Steve LaMothe • April 7, 2023

Inventory is very low, causing prices to stabilize.

We have some really interesting things going on in the marketplace. I know there's a lot of bad news about bank failures. There have been five or six total bank failures. Honestly, I don't think this will be the end of negative economic news throughout the rest of this year. The problems that those banks and many regional and large banks have are from low interest rates over a ten-year period, but that's not what we're talking about today. Today we're going over a quick Sacramento market update, and the number one driving factor of the current environment is inventory—the number of homes for sale.

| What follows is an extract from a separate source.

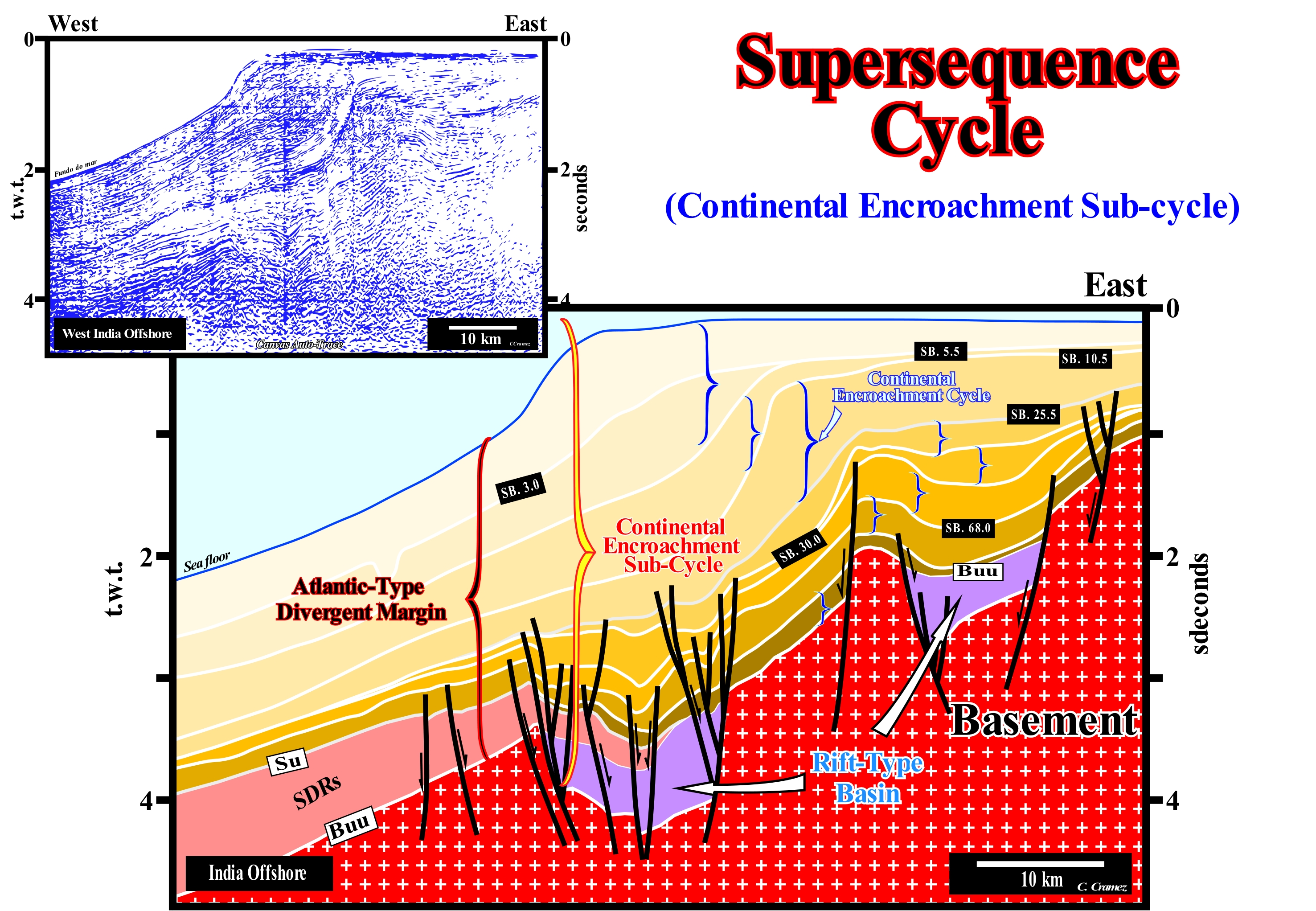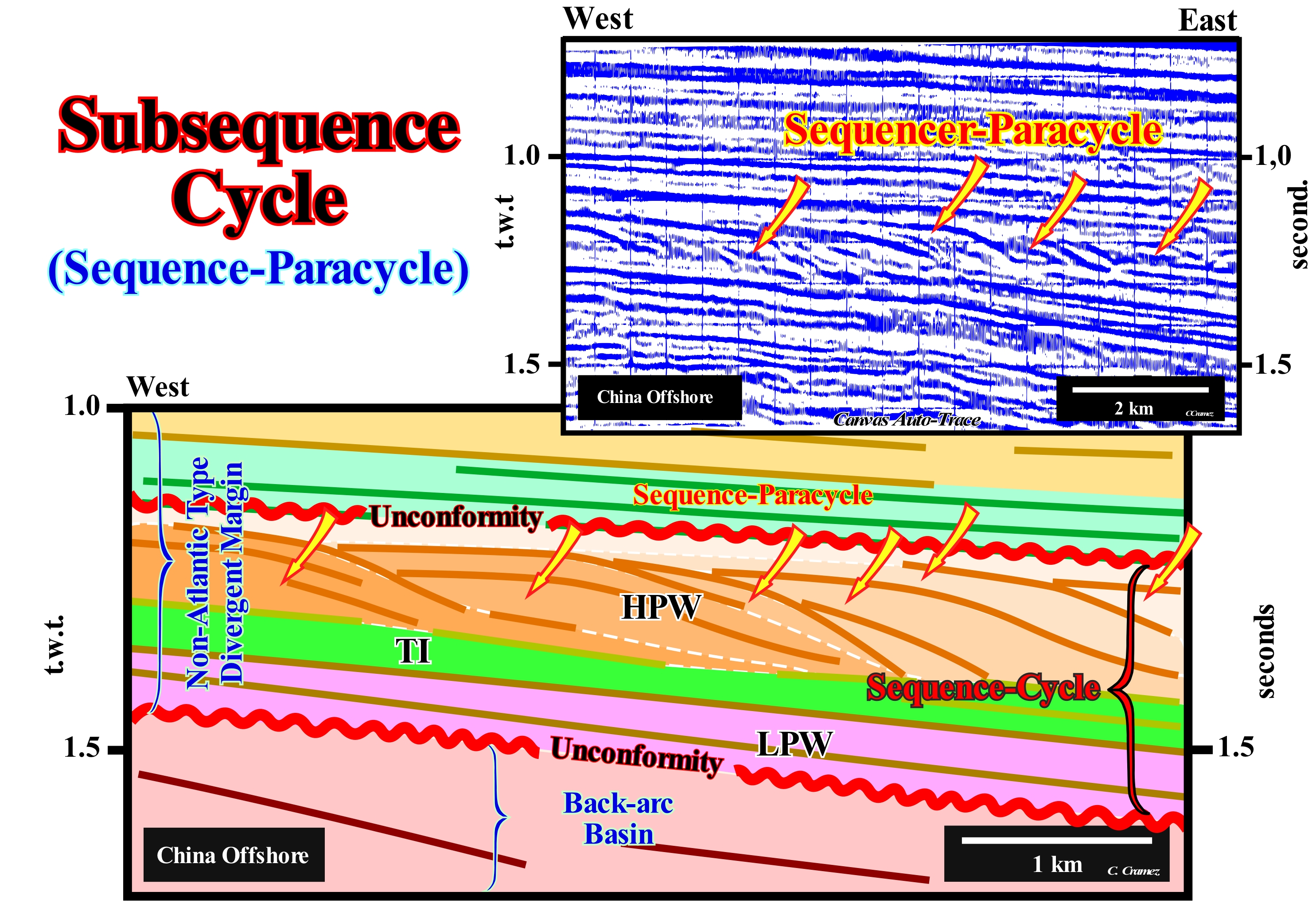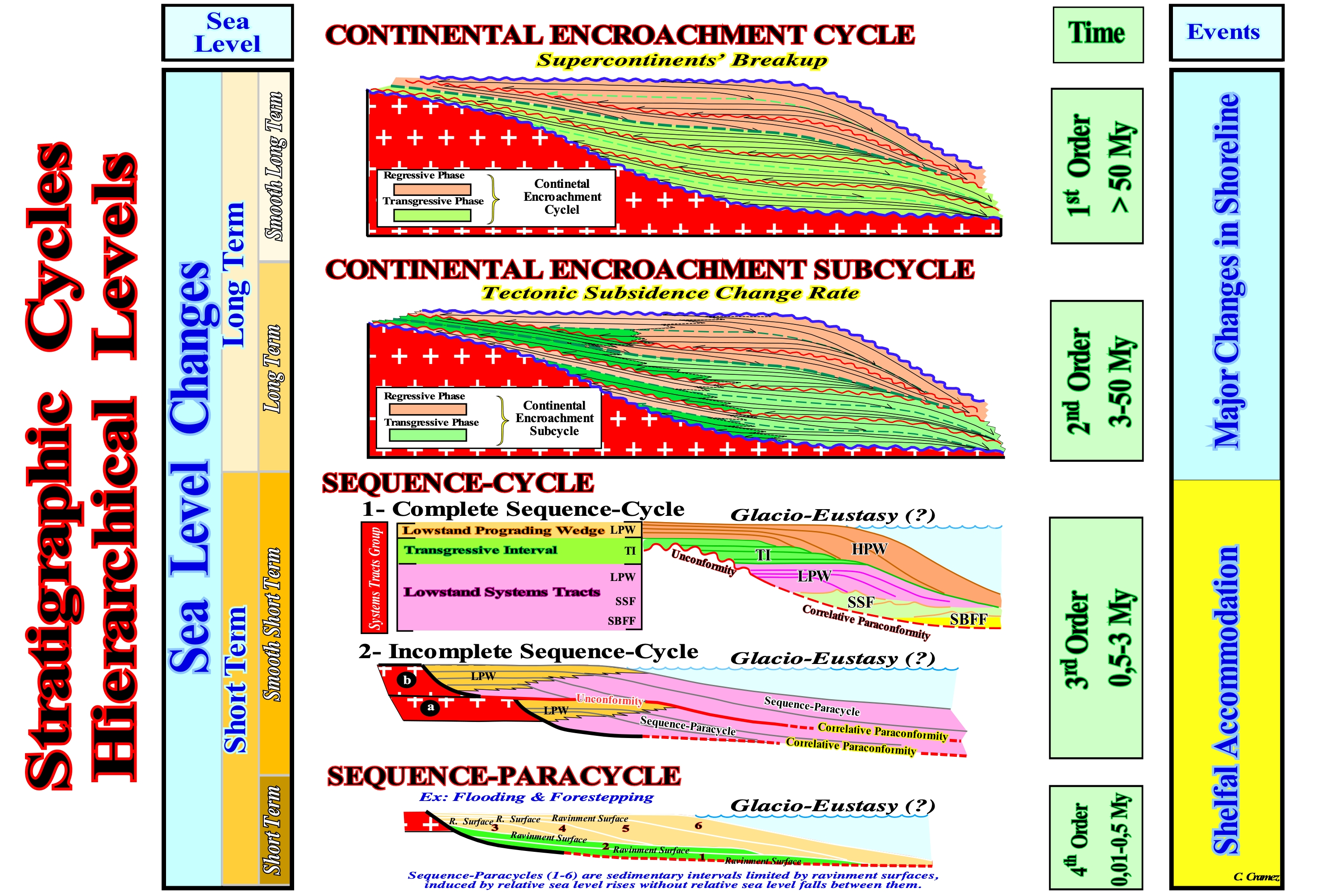 One of the basic principles of sequential stratigraphy is the conjecture that stratigraphic cycles are induced, primarily, by eustasy (changes of the absolute or eustatic sea level, i.e., from the supposed global sea level referenced to a fixed point, which is, in general, is the Earth's centre, The absolute sea level is dependent on (i) Tectono-Eustasy (controlled by the volume variation of the ocean basins) ; (ii) Glacio-Eustasy (controlled by the variation of ocean water volume, mainly associated with the amount of ice) ; (iii) Geoidal-Eustasy (controlled by the distribution of ocean water caused by variations in the terrestrial gravity field) and (iv) Thermal expansion of the oceans or steric sea level rise (if the temperature of the oceans increases, the density of the water decreases and for a constant mass the volume increases.) Eustasy is the main factor responsible for cyclicity and an important factor in the creation of available space for sediments (accommodation). As far as cyclicity is concerned, since B. de Maillet (around 1690) and Lavoisier (1789) until today, almost no geoscientist has any doubts. With regard to the amplitude of space created during a relative sea level rise, it depends, fundamentally, on subsidence and/or uplift of the sea floor, since, relative sea level is the result of the combined action of absolute (eustatic) sea level and tectonics. The hierarchy of stratigraphic cycles depends on the order of the eustatic cycles, which induced them. In general, in seismic stratigraphy, made from seismic data (taking into account the seismic resolution), three main stratigraphic cycles are considered, which are deposited during 1st, 2nd and 3rd order eustatic cycles, that is, cycles eustatic cycles with time-durations, respectively, greater than 50 My (1st order), between 50 and 3-5 My (2nd order), between 3-5 and 0.5 My (3rd order*): (i) Continental Encroachment Cycle ; (ii) Continental Encroachment Subcycle; (iii) Sequence-Cycle and High Frequency Cycles **. The sequence-paracycles that form a sequence-cycle are not cycles. There is no relative sea level fall between them. They are bounded by flooding surfaces. Continental encroachment cycles are associated with the break-up of supercontinents (Protopangea or Rodhinia and Pangea supercontinent, for instance), as it is the case of the two Paleozoic continental encroachment cycles of the Phanerozoic. Continental encroachments subcycles are associated with changes in velocity of tectonic subsidence (sediment thickness plus water-depth decreased by the isostatic compensation effect, due to sedimentary overload, and increased compaction effect). Sequence-cycles are associated with relative sea level changes, in which glacio-eustasy plays an important role. In fact, the imprisonment of water in the glacial caps and glacier during glaciations decreases the volume of water in the oceans, which creates a significant absolute (eustatic) sea level fall and causes a displacement of the shoreline seaward (marine regression). On the contrary, the melting of the ice caps and glaciers, during the thaw, creates an absolute sea level rise with a consequent water encroachment over the continents, creating a marine ingression or marine transgression. The sequence-paracycles are, also, associated with glacio-eustasy. Sequence-cycles are the building blocks of sequential stratigraphy. It is from the study of the sequence-cycles, which are composed of different groups and subgroups sedimentary systems tracts, that lithological predictions can be advanced. The terminology here presented is less misleading than the, initially, proposed by the Exxon geoscientists (Megasequence, Supersequence, Sequence and Parasequence), since it takes into account two basic characteristics of Geology: (i) All geological interpretation is scale dependent and (ii) In a hierarchy the criteria of discernment must be constant. On a seismic line the differentiation between a deltaic and continental slope is only possible if the seismic line has a vertical scale (time or depth) and a horizontal scale (metric). It is for this reason, that for a time, many geoscientists working in oil companies (the first to use sequential stratigraphy) interpreted Exxon's megasequences as "mega" sequence-cycles consisting of "mega" sedimentary systems tracts, which is totally wrong, and that led some of them to predict "mega" turbidites, which the exploration wells, totally, refuted.

The number of homes for sale is down almost 50% compared to last year. In the first quarter, we have around 50% fewer homes available than last year, when we had historically low inventory levels. What's driving this low inventory is that all of these owners are stuck with 2% to 3% interest rates and do not want to move. It's becoming financially impossible to buy another home. Even if you really want another house, you're going to have to downsize substantially or move to an area that's not as good as the home you're currently in, and your payments will be higher. Many of these owners have decided it's better to stay in their homes, and they will renovate, add on, or just not sell.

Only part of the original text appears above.